Task brief:
From the line that contains "På ugebasis er" to the final line of the entries below, write out every line exactly as it appears, and nothing else.

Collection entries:
------

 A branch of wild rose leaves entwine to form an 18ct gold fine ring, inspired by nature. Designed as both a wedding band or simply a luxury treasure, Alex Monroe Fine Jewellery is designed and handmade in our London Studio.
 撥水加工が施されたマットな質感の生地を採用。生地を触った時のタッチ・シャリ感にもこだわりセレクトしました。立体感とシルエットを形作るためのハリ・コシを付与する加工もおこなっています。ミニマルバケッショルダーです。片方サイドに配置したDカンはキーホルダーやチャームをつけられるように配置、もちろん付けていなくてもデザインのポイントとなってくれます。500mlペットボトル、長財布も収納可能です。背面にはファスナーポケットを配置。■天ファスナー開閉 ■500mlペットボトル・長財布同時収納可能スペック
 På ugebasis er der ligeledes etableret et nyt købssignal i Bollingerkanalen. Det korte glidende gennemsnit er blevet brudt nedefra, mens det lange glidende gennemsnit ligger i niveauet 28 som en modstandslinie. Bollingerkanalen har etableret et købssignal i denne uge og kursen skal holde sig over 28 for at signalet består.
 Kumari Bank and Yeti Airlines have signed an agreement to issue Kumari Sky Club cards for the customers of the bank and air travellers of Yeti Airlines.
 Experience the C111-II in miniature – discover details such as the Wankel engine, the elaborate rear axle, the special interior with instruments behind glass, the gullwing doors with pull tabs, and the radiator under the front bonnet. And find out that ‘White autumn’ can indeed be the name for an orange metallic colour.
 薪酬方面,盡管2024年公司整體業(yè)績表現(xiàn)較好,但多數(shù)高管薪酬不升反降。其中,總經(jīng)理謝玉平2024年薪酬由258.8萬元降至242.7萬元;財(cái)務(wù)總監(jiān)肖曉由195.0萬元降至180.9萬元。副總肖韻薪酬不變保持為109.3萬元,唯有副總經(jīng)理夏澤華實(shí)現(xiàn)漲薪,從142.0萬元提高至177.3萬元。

------

Written response:
 På ugebasis er der ligeledes etableret et nyt købssignal i Bollingerkanalen. Det korte glidende gennemsnit er blevet brudt nedefra, mens det lange glidende gennemsnit ligger i niveauet 28 som en modstandslinie. Bollingerkanalen har etableret et købssignal i denne uge og kursen skal holde sig over 28 for at signalet består.
 Kumari Bank and Yeti Airlines have signed an agreement to issue Kumari Sky Club cards for the customers of the bank and air travellers of Yeti Airlines.
 Experience the C111-II in miniature – discover details such as the Wankel engine, the elaborate rear axle, the special interior with instruments behind glass, the gullwing doors with pull tabs, and the radiator under the front bonnet. And find out that ‘White autumn’ can indeed be the name for an orange metallic colour.
 薪酬方面,盡管2024年公司整體業(yè)績表現(xiàn)較好,但多數(shù)高管薪酬不升反降。其中,總經(jīng)理謝玉平2024年薪酬由258.8萬元降至242.7萬元;財(cái)務(wù)總監(jiān)肖曉由195.0萬元降至180.9萬元。副總肖韻薪酬不變保持為109.3萬元,唯有副總經(jīng)理夏澤華實(shí)現(xiàn)漲薪,從142.0萬元提高至177.3萬元。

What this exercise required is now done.